= Tom Lewis (songwriter) =

British singer-songwriter

Thomas John Lewis (born 16 April 1943) is a British singer and writer of nautical songs and sea shanties, some of whose works have become "folk standards." He's been recorded by over 40 other artists including Nathan Evans and has been called one of the finest exponents of contemporary nautical songs.

==Biography==
Lewis was born in Belfast, Northern Ireland in 1943 and grew up in Gloucester, England. At age 16 he joined the Royal Navy as an engineering apprentice. He ended up serving in the navy for 24 years. Most of his service was spent on submarines, including with the First Submarine Squadron at Gosport.

In 1960, he transferred to a naval base in Scotland and began attending the Howff Folk Club in Dunfermline. At the club he was exposed to the works of folk artists such as Archie Fisher, Alex Glasgow, Ewan MacColl, Tom Paxton, and Louis Killen. Lewis was also influenced heavily by the music of Cyril Tawney. In 1980 while a chief petty officer in the navy, Lewis won a silver cup with his song "The Last Shanty" at the Services Folk Competition held at the Portsmouth Railway Inn Folk Club.

After leaving the navy in 1983, Lewis and his wife Lyn immigrated to British Columbia, Canada. They lived there until 2013. He currently lives in Bournemouth, England.

Lewis has travelled hundreds of thousands of miles in cars and motor homes while touring in Australia, Britain, Canada, and the United States. He has also performed at the Mystic Seaport Sea Music Festival and the Summerfolk Music and Crafts Festival. Currently much of his touring happens in the UK and Europe, where he performs with the Polish band QFTRY. He met the band in the late 1990s on the European festival circuit.

==Recordings==
Lewis records most of his songs a cappella in the traditional style of sea shanties. However, he also plays the button accordion and ukulele. His songs cover a variety of topics ranging from the life of sailors onboard ships, the attraction and loneliness of the sea, to "traditional shanties and classic nautical poetry set to music."

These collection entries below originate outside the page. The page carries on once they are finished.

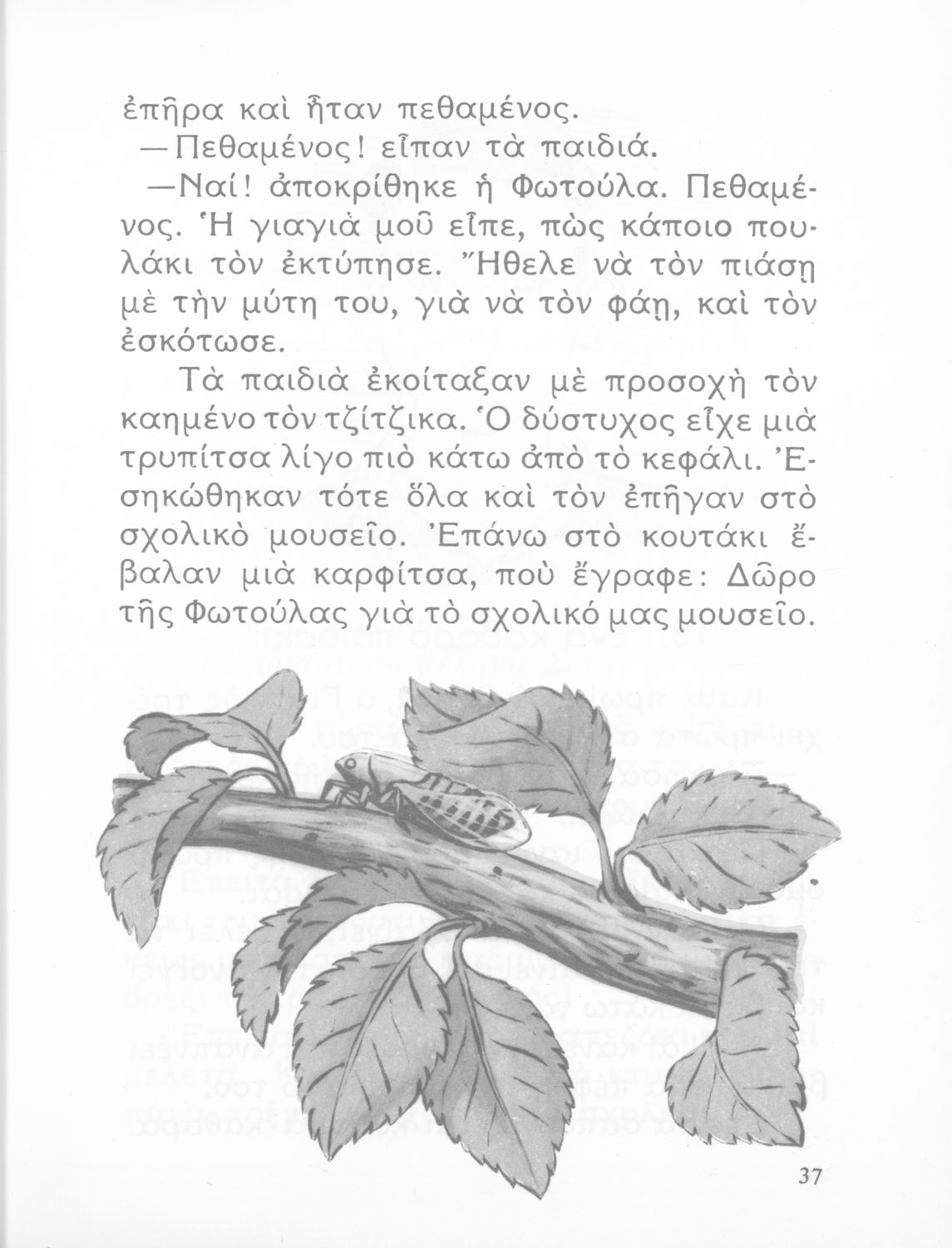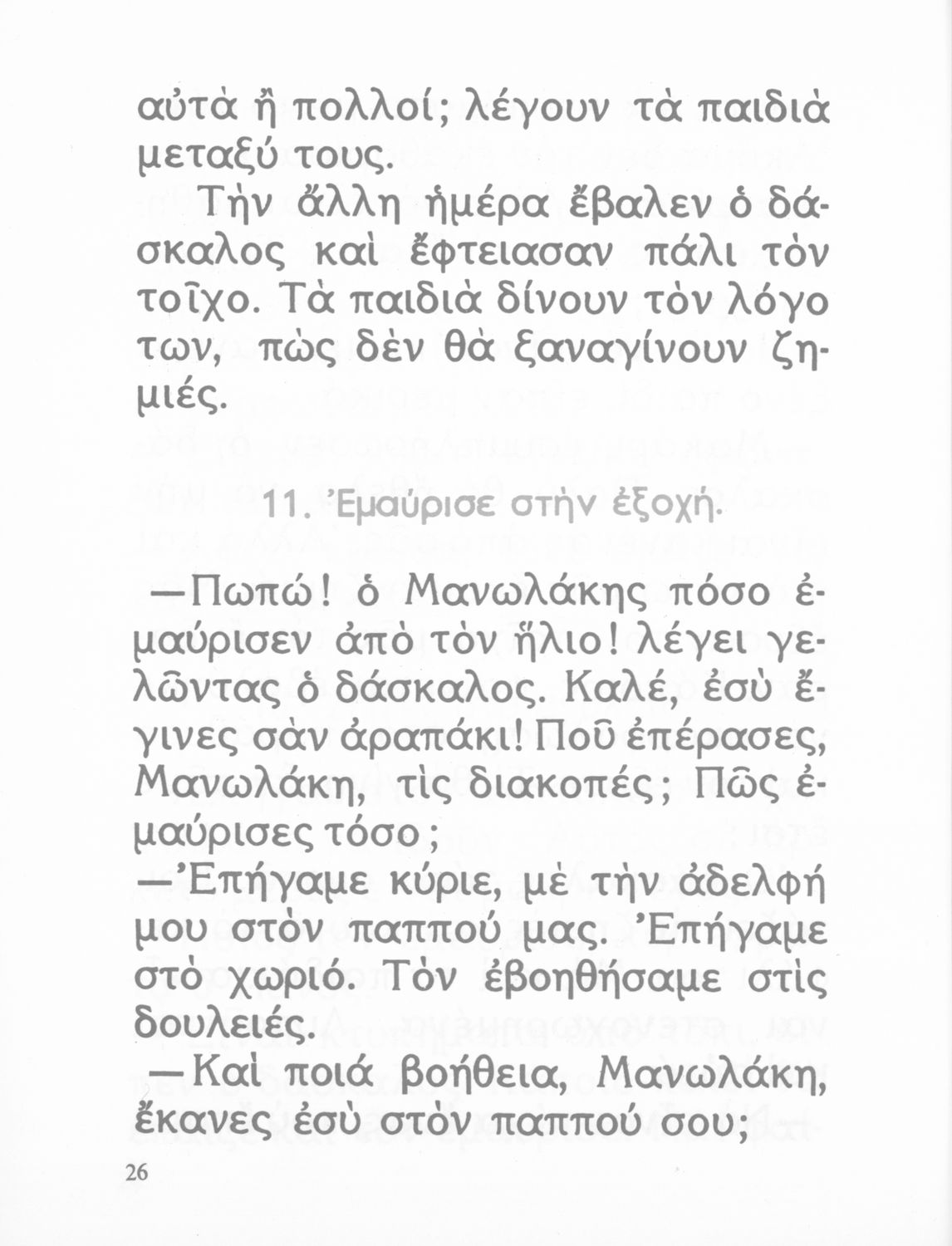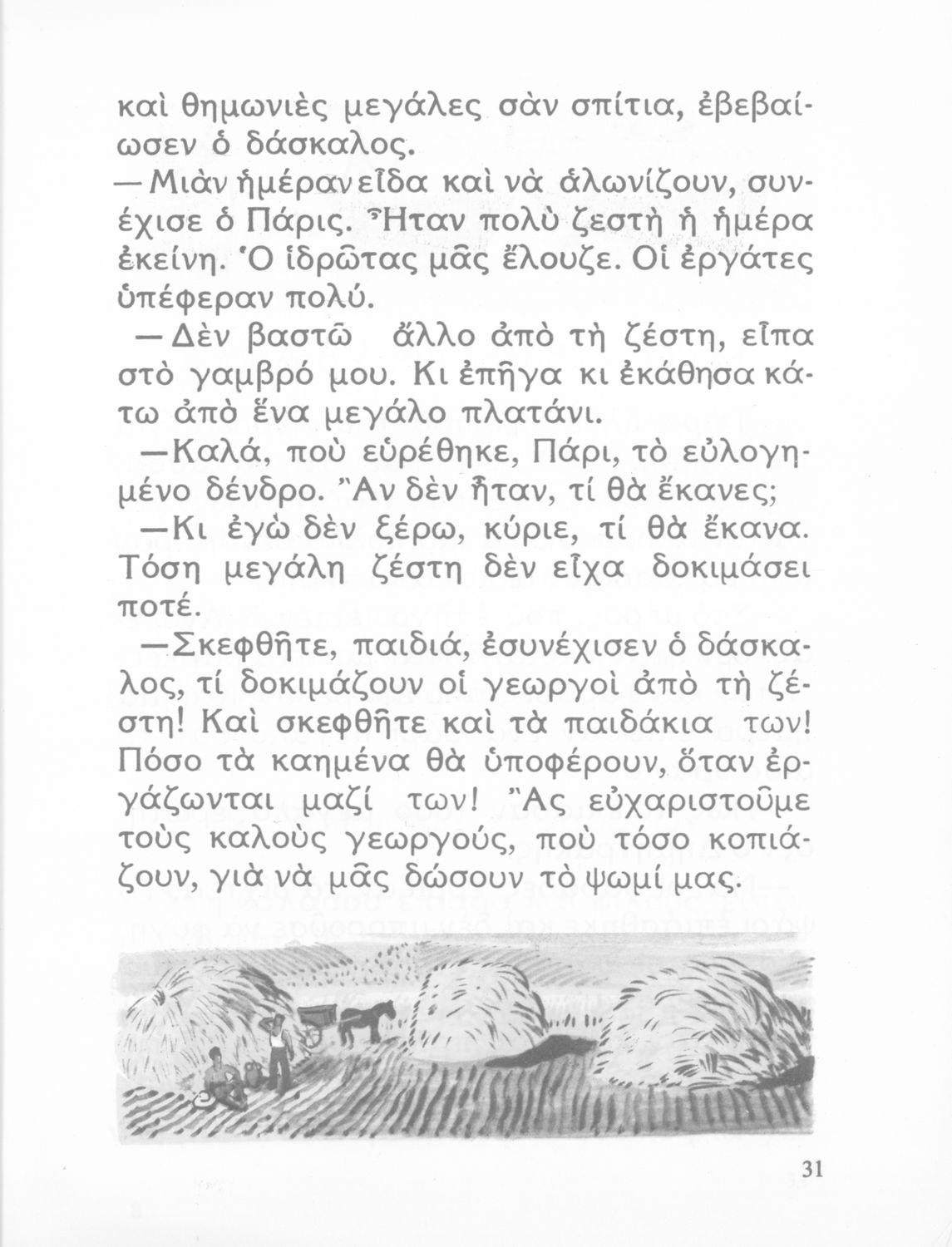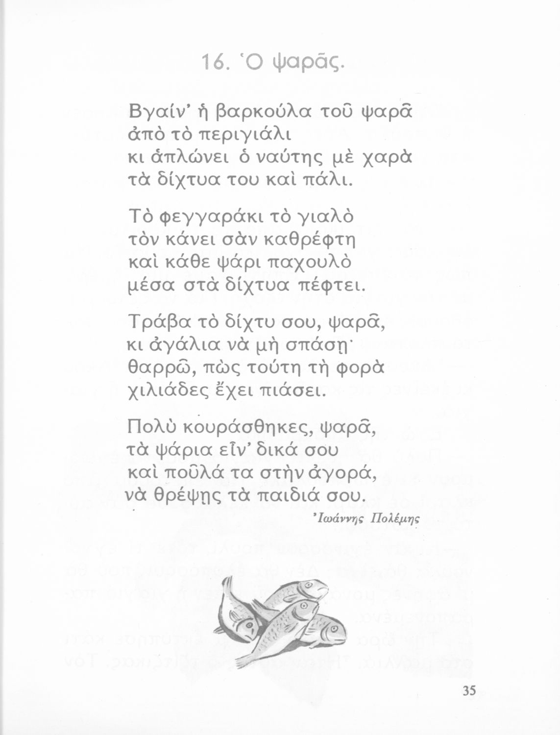 Αναγνωστικό Β' Δημοτικού που είναι χωρισμένο σύμφωνα με τις εποχές του χρόνου και περιλαμβάνει κείμενα ηθοποιητικού περιεχομένου εμπνευσμένα από τη θρησκευτική, εθνική, κοινωνική και οικογενειακή ζωή. Φέρει το σύμβολο της δικτατορίας.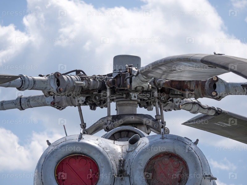 Механизм соосных винтов военного вертолета на фоне голубого неба, крупный план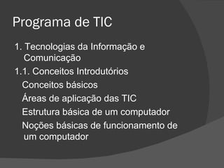 O documento descreve um programa de Tecnologias da Informação e Comunicação (TIC) que inclui conceitos introdutórios sobre TIC, sistemas operacionais gráficos, internet e aplicações como processamento de texto e criação de apresentações.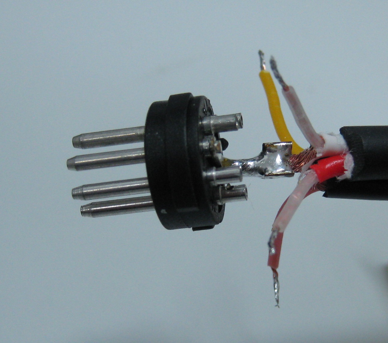 In jungen jahren habe ich gerne auch Chinch-Leitungen selber gebastelt, da hier die Leitungen bei Stereo meist aus 2 einzeln ummantelten Leitungen + Schirm bestanden, wird hier der Schirm auch als generelle Masseleitung gebraucht, man muß sie beidseitig verlöten. Bei meinen Monitor-Adaptern zum Atari ST brauchte ich 3 Adern für RGB, 2 für Sync, eine für Audio out, also 6 Leitungen zur Signal Übertragung. Da ich nirgends eine Mehrader-Leitung + Schirm mit ungerader Leitungszahl fand, habe ich mich für solche mit 6 Innenleiter entschlossen und hier ebenfals Masse über den Schirmm geleitet, also auch beidseitig verlötet ...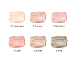 Le 6 nuance, con finish satinato e pailleté, si armonizzano e si sovrappongono facilmente, per un maquillage su misura e un effetto no transfer.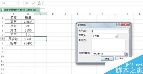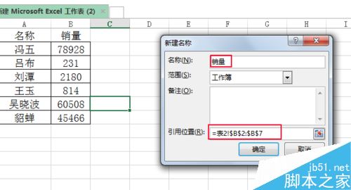 3、设置引用位置和名称,确定。
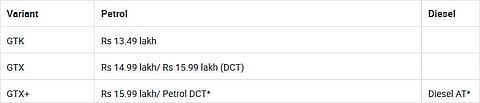 Top-spec GTX+ variant with the turbo-petrol-auto and diesel-auto to be introduced later while bookings for the same are currently open.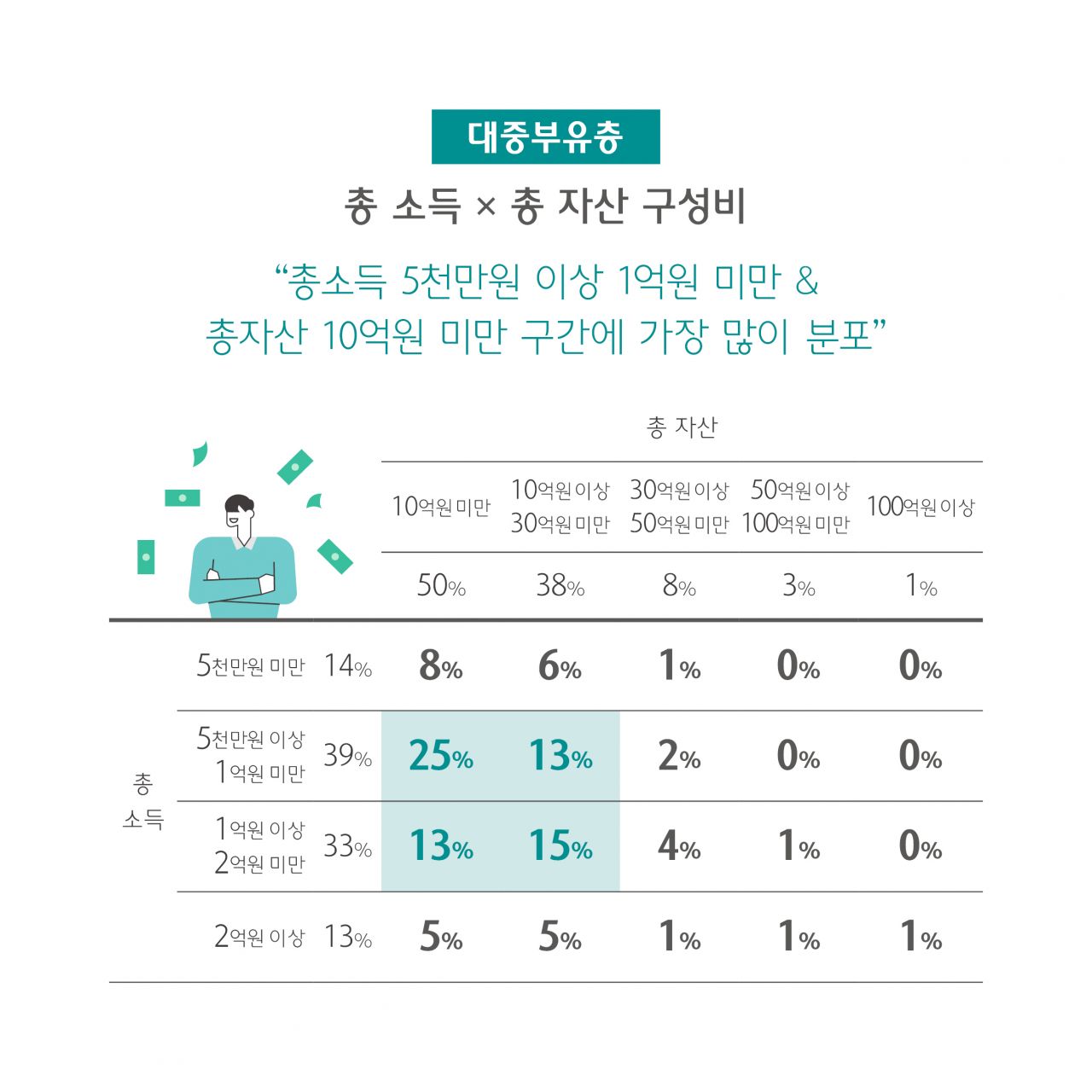 가구 연소득의 경우 부자들의 경우 2억원이상이 46%로 가장 많았고, 2억원이상 소득 구간에서 사업소득 34%, 근로소득 33% 재산소득 21% 순으로 구성되어 있었다. 반면 대중부유층의 경우 가구 총 소득은 5천만원이상 1억원 미만에 39%, 1억원이상 2억원 미만 구간에 33%가 분포되어 있었고, 전 소득 구간에서 근로소득 비중이 가장 높았다.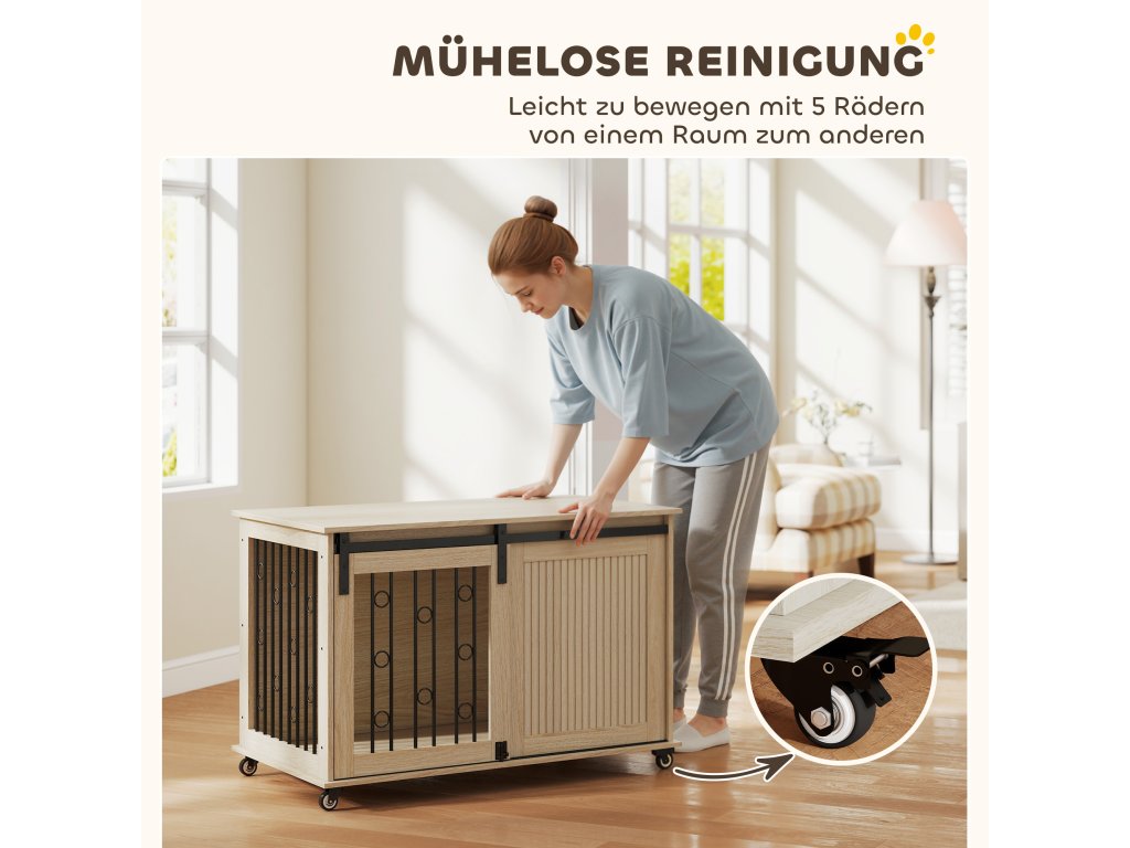 Snadná mobilita: Díky pěti hladce se pohybujícím kolečkům lze tuto psí klec bez námahy přemisťovat, což je ideální pro úklid nebo přeskupování nábytku. Péče o vašeho mazlíčka se tak stane obzvláště snadnou a bezstresovou.

His first solo album, issued in 1987, was Surfacing and included two early favorites among his recordings, "The Last Shanty" and "Marching Inland." Those two songs later appeared on the compilation CD A Taste of the Maritimes (1992), with the former tune published under the alternate title "A Sailor Ain't a Sailor." The song is a "lighthearted look at the changes in Navy life over the years". Surfacing was well received, with Geoff Butler in Canadian Folk Music calling the album "the sharpest collection of contemporary sea shanties I have ever run across."

In 1988 Lewis recorded and toured with William Pint and Felicia Dale. Lewis has also recorded two albums with QFTRY, Po!es Apart and Po!es Apart Too: The Song Goes On.

In 2008, he published his tunes and lyrics as Worth the Singin': the Tom Lewis Songbook.

Since 2015 he has been Festival Patron of the Gloucester Shanty Festival.

== Critical reception ==

Lewis has been called "one of North America's finest exponents of contemporary nautical songs," a "master of the sea shanty and the folk song sing-along" and "one of Canada's most unusual folk artists." A number of Lewis's songs have been said to deserve a "permanent place in the nautical repertoire," with his voice reminding former sailors of the "diesel engines (they have) also left behindinstant power and off with a full head of steam." Other reviewers have called Lewis's songs "infectious creations" that "are a throwback to an earlier tradition."

==Discography==
- Surfacing (1987)
- Sea-Dog, See Dog! (1990)
- Making Waves (1992), with William Pint and Felicia Dale
- Tinker, Tailor, Soldier, Sailor Singer! (1995)
- Mixed Cargo (1999)
- Poles Apart (Polish Title: On, My Ocean) (2001) with a five-man shanty group from Poland (QFTRY). In English and Polish.
- 360° All Points of the Compass (2003)
- The Song Goes On (2011) Poles Part Too with QFTRY
- Demand Performance (2020) Double-CD: Seven (extended, 'live) stage performances, plus eleven new studio recordings.